- Brief -
Every record must be given again word for word; no picture belongs in the copy.

(Stored data entries)

┄┄┄┄┄┄┄┄┄┄

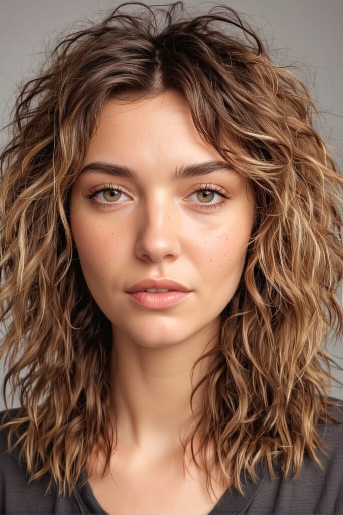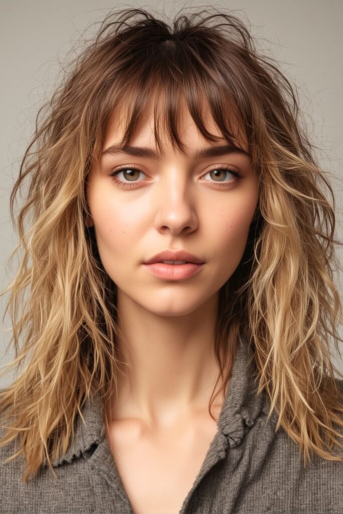 This hairstyle features a beachy shag cut with loose, tousled waves that create a relaxed, sun-kissed look.
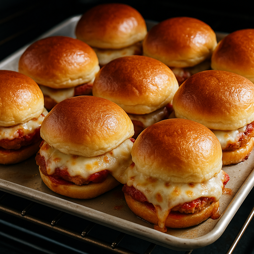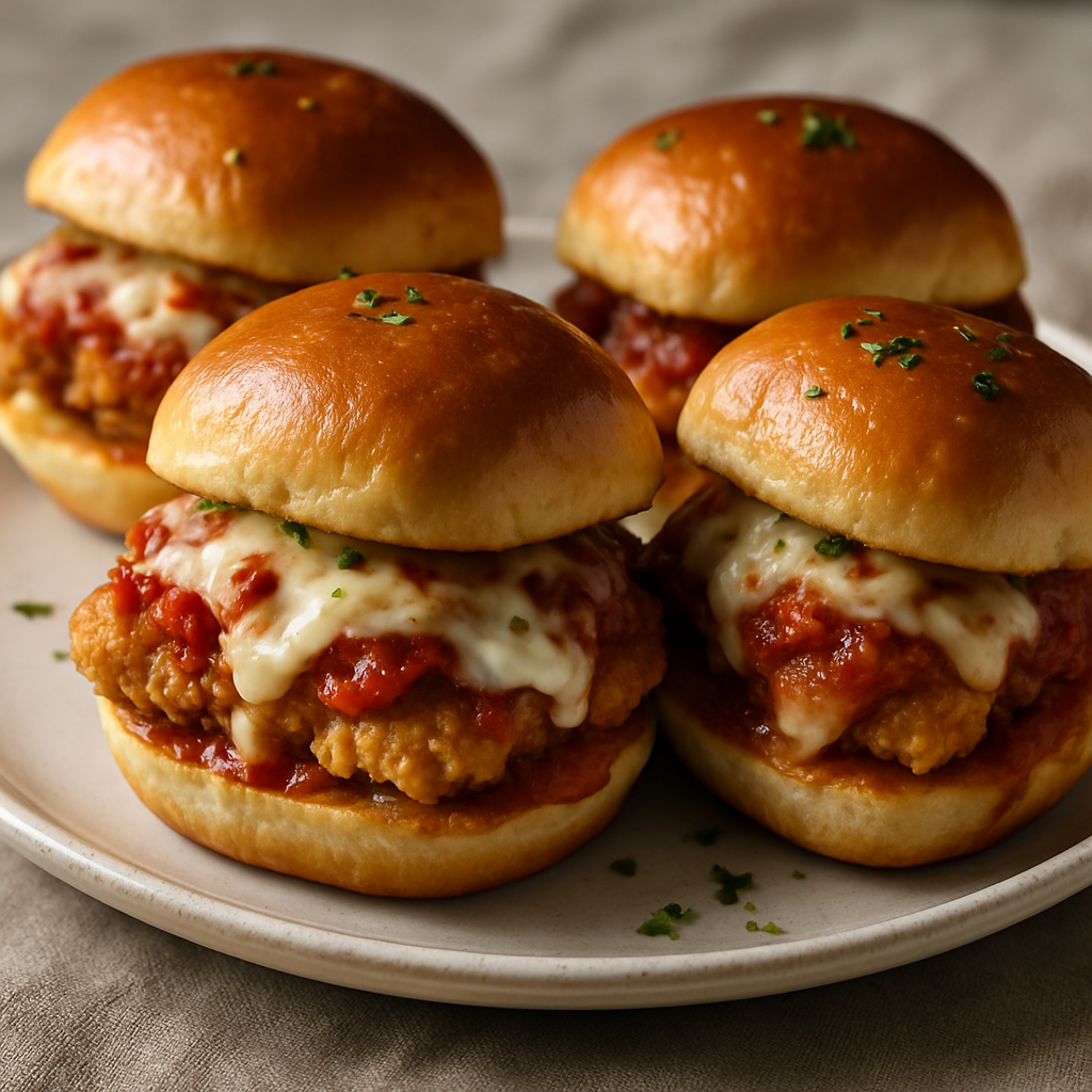 Chicken Parmesan Sliders combine crispy chicken cutlets with melted mozzarella and a rich marinara sauce, all sandwiched between soft, pillowy buns. The contrast of the crunchy exterior of the chicken and the juicy, flavorful interior makes each bite an irresistible treat. Topped with fresh basil and a sprinkle of parmesan, these sliders offer a delightful play of textures and flavors—perfect for any gathering or weeknight dinner.
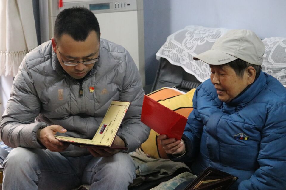 党委副书记(主持工作)贺剑老师代表学院党委、工会携材料青协三名志愿者在寒冬来临之际,前往九里校区北苑探望退休教师付淑珍,为付老送去学院的关怀与温暖。
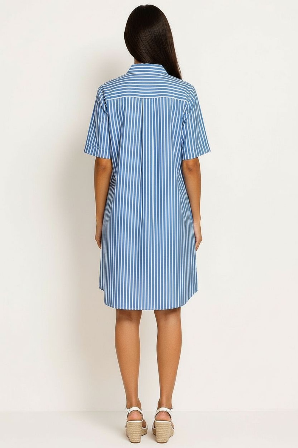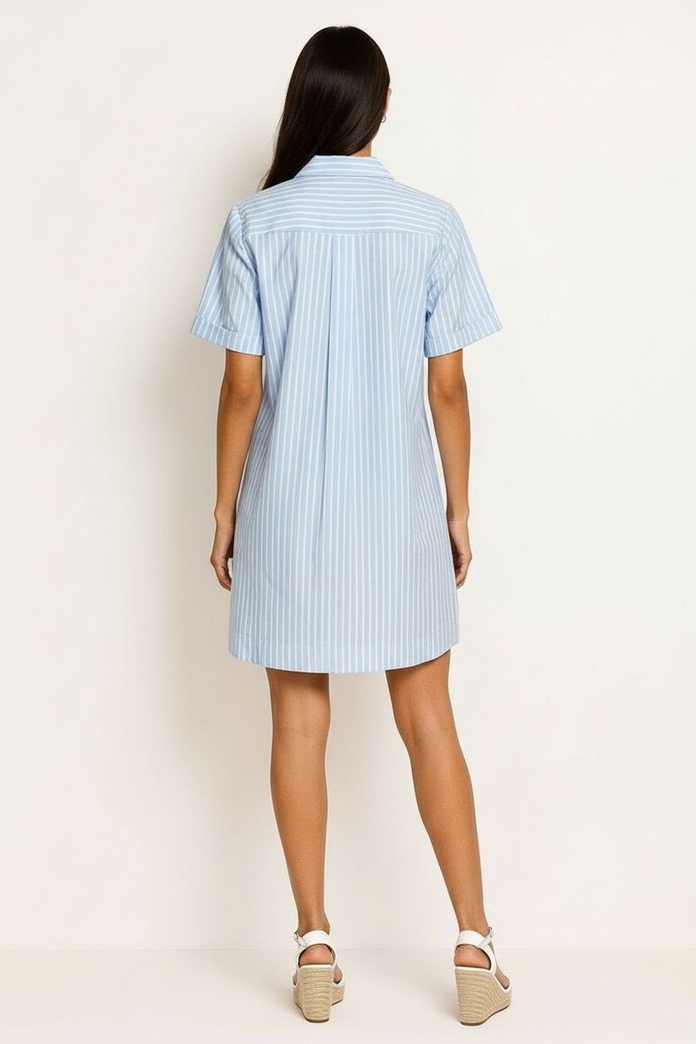 Vestido camisero corto con cuello clásico y botonadura frontal completa que facilita el ajuste, manga corta con dobladillo que aporta estructura, corte recto con largo arriba de la rodilla que brinda comodidad al caminar, confección en tela ligera de tacto suave con acabado definido en bastilla
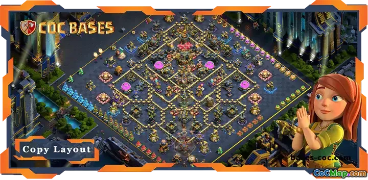 This top TH17 Clash of Clans base layout is expertly designed to prevent opponents from achieving a 2-star victory, making it ideal for competitive Legend League play. The layout incorporates well-placed air and ground defenses that cover key areas, ensuring maximum protection during attacks.
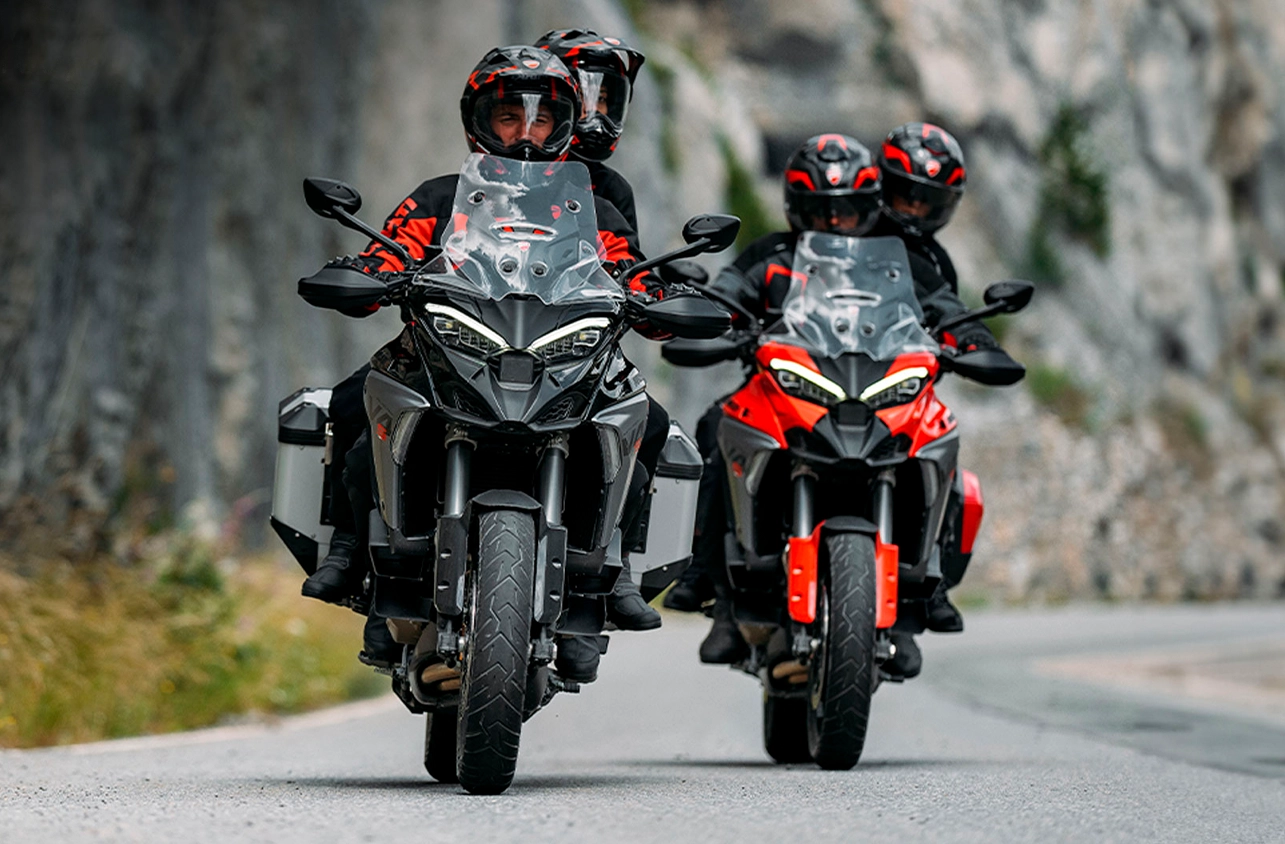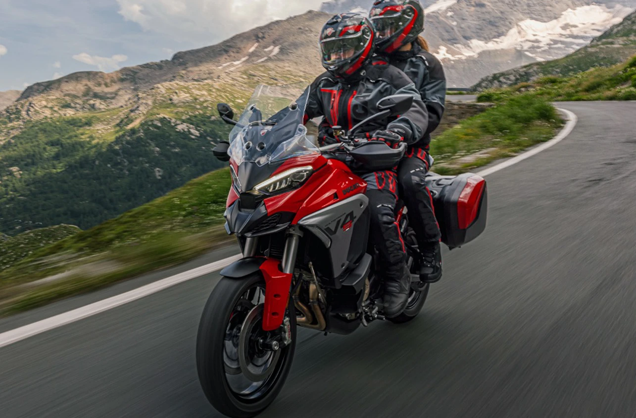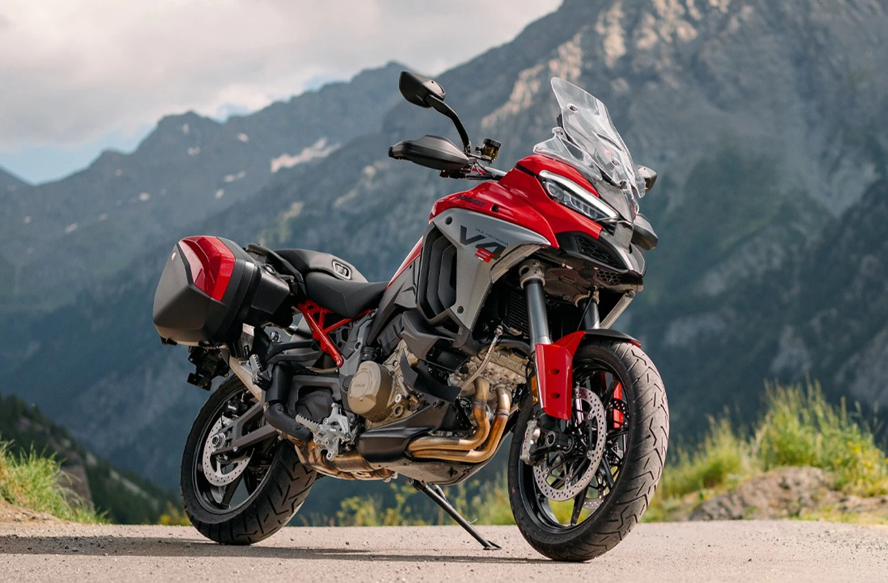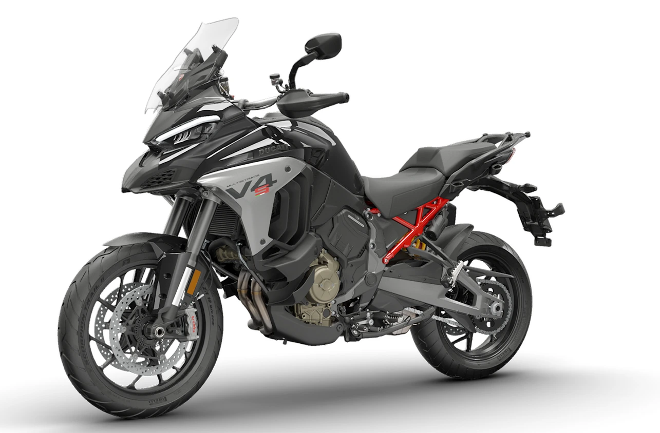 Ducati Skyhook Suspension, pre-carga minima, Ducati Quick Shift, Cruise control, Hands-free, interruptores de guidão iluminados, 6.5" TFT display colorido com Ducati Connect e sistema de navegação de mapa completo, farol Full LED.
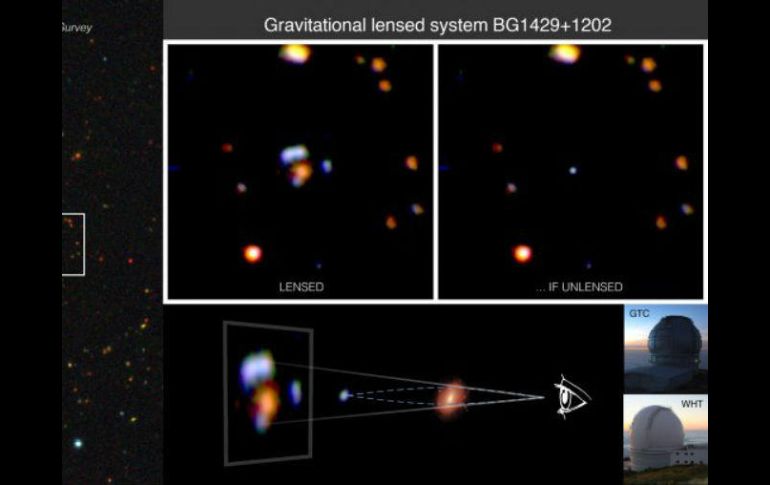 SANTA CRUZ, ESPAÑA (17/ENE/2017).- Un equipo internacional liderado por investigadores de centros de Canarias (archipiélago español en el Atlántico) ha descubierto una de las galaxias no activas más brillantes y luminosas entre las detectadas hasta la fecha en el universo joven.El Instituto de Astrofísica de Canarias (IAC) informó este martes del hallazgo de BG1429+1202, que está a 11 mil 400 millones de años luz de la Tierra, y que ha sido posible gracias a la "ayuda" de una galaxia elíptica masiva en la línea de visión de ese objeto, que actúa a modo de lente aumentando el brillo y distorsionando la imagen observada.Los resultados han sido publicados en Astrophysical Journal Letters y forman parte del proyecto BELLS GALLERY, basado en el análisis de millón y medio de espectros de galaxias del Sloan Digital Sky Survey (SDSS).Rui Marques Chaves, estudiante de doctorado del IAC-ULL (Universidad de La Laguna) y primer autor del artículo, señala en un comunicado que se trata de uno de los pocos casos conocidos de galaxias que destaca con un brillo aparente muy alto y con una luminosidad intrínseca también muy alta.Para estudiar este sistema de lente gravitatoria se utilizaron el Gran Telescopio Canarias (GTC) y el Telescopio William Herschel (WHT), ambos en el Observatorio del Roque de los Muchachos (La Palma).El sistema está formado por una galaxia elíptica masiva a una distancia de cinco mil 400 millones de años luz y una galaxia detrás de ella, BG1429+1202, emisora en la línea Lyman alfa a 11 mil 400 millones de años luz (cuando la edad del Universo era aproximadamente de 2dos mil 300 millones de años).La galaxia lente produce cuatro imágenes de la galaxia lejana, con un flujo luminoso total nueve veces superior al que tendría ésta última si no hubiera ninguna lente natural en la línea de visión.El IAC explica que lo excepcional de BG1429+1202 es su muy alta luminosidad en la línea de emisión de Lyman alfa, una de las más brillantes en el rango ultravioleta, ya que casos similares conocidos de lentes cósmicas no muestran una emisión tan intensa.
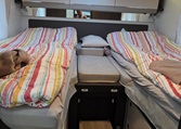 VAT incl.The Benimar Tessoro 468 features a combination of two single beds at the rear and a drop-down bed above the face-to-face lounge solution. A highly attractive layout. The rear beds can easily be converted into a large double bed by pulling out a panel in the middle. There is also a step for accessing the bed when the panel is not extended. The step can be opened from the inside for easy access to the garage.
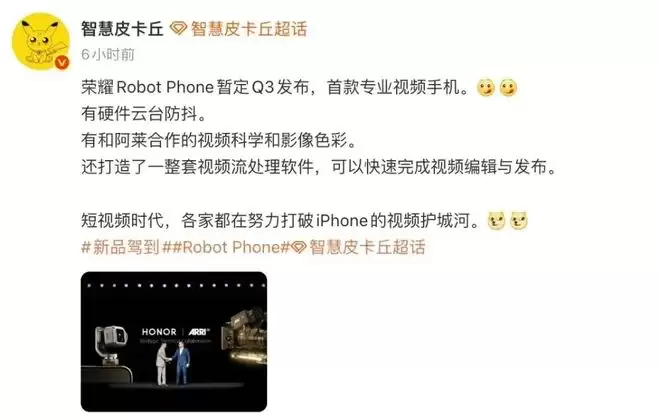 另外,博主@智慧皮卡丘 最近的一份消息显示:“荣耀Robot Phone暂定Q3发布,首款专业视频手机。有硬件云台防抖。有和阿莱合作的视频科学和影像色彩。还打造了一整套视频流处理软件,可以快速完成视频编辑与发布。”
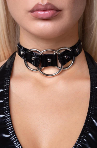 Creëer de ultiemelook met onze Dominatrix-choker. Met drie zilveren O-ringen die in het midden met elkaar verweven zijn en een verstelbare gespsluiting voor een perfecte pasvorm, is dit accessoire ontworpen om elke rave-stijl aan te vullen.

┄┄┄┄┄┄┄┄┄┄

- Response to this task -
 This hairstyle features a beachy shag cut with loose, tousled waves that create a relaxed, sun-kissed look.
 Chicken Parmesan Sliders combine crispy chicken cutlets with melted mozzarella and a rich marinara sauce, all sandwiched between soft, pillowy buns. The contrast of the crunchy exterior of the chicken and the juicy, flavorful interior makes each bite an irresistible treat. Topped with fresh basil and a sprinkle of parmesan, these sliders offer a delightful play of textures and flavors—perfect for any gathering or weeknight dinner.
 党委副书记(主持工作)贺剑老师代表学院党委、工会携材料青协三名志愿者在寒冬来临之际,前往九里校区北苑探望退休教师付淑珍,为付老送去学院的关怀与温暖。
 Vestido camisero corto con cuello clásico y botonadura frontal completa que facilita el ajuste, manga corta con dobladillo que aporta estructura, corte recto con largo arriba de la rodilla que brinda comodidad al caminar, confección en tela ligera de tacto suave con acabado definido en bastilla
 This top TH17 Clash of Clans base layout is expertly designed to prevent opponents from achieving a 2-star victory, making it ideal for competitive Legend League play. The layout incorporates well-placed air and ground defenses that cover key areas, ensuring maximum protection during attacks.
 Ducati Skyhook Suspension, pre-carga minima, Ducati Quick Shift, Cruise control, Hands-free, interruptores de guidão iluminados, 6.5" TFT display colorido com Ducati Connect e sistema de navegação de mapa completo, farol Full LED.
 SANTA CRUZ, ESPAÑA (17/ENE/2017).- Un equipo internacional liderado por investigadores de centros de Canarias (archipiélago español en el Atlántico) ha descubierto una de las galaxias no activas más brillantes y luminosas entre las detectadas hasta la fecha en el universo joven.El Instituto de Astrofísica de Canarias (IAC) informó este martes del hallazgo de BG1429+1202, que está a 11 mil 400 millones de años luz de la Tierra, y que ha sido posible gracias a la "ayuda" de una galaxia elíptica masiva en la línea de visión de ese objeto, que actúa a modo de lente aumentando el brillo y distorsionando la imagen observada.Los resultados han sido publicados en Astrophysical Journal Letters y forman parte del proyecto BELLS GALLERY, basado en el análisis de millón y medio de espectros de galaxias del Sloan Digital Sky Survey (SDSS).Rui Marques Chaves, estudiante de doctorado del IAC-ULL (Universidad de La Laguna) y primer autor del artículo, señala en un comunicado que se trata de uno de los pocos casos conocidos de galaxias que destaca con un brillo aparente muy alto y con una luminosidad intrínseca también muy alta.Para estudiar este sistema de lente gravitatoria se utilizaron el Gran Telescopio Canarias (GTC) y el Telescopio William Herschel (WHT), ambos en el Observatorio del Roque de los Muchachos (La Palma).El sistema está formado por una galaxia elíptica masiva a una distancia de cinco mil 400 millones de años luz y una galaxia detrás de ella, BG1429+1202, emisora en la línea Lyman alfa a 11 mil 400 millones de años luz (cuando la edad del Universo era aproximadamente de 2dos mil 300 millones de años).La galaxia lente produce cuatro imágenes de la galaxia lejana, con un flujo luminoso total nueve veces superior al que tendría ésta última si no hubiera ninguna lente natural en la línea de visión.El IAC explica que lo excepcional de BG1429+1202 es su muy alta luminosidad en la línea de emisión de Lyman alfa, una de las más brillantes en el rango ultravioleta, ya que casos similares conocidos de lentes cósmicas no muestran una emisión tan intensa.
 VAT incl.The Benimar Tessoro 468 features a combination of two single beds at the rear and a drop-down bed above the face-to-face lounge solution. A highly attractive layout. The rear beds can easily be converted into a large double bed by pulling out a panel in the middle. There is also a step for accessing the bed when the panel is not extended. The step can be opened from the inside for easy access to the garage.
 另外,博主@智慧皮卡丘 最近的一份消息显示:“荣耀Robot Phone暂定Q3发布,首款专业视频手机。有硬件云台防抖。有和阿莱合作的视频科学和影像色彩。还打造了一整套视频流处理软件,可以快速完成视频编辑与发布。”
 Creëer de ultiemelook met onze Dominatrix-choker. Met drie zilveren O-ringen die in het midden met elkaar verweven zijn en een verstelbare gespsluiting voor een perfecte pasvorm, is dit accessoire ontworpen om elke rave-stijl aan te vullen.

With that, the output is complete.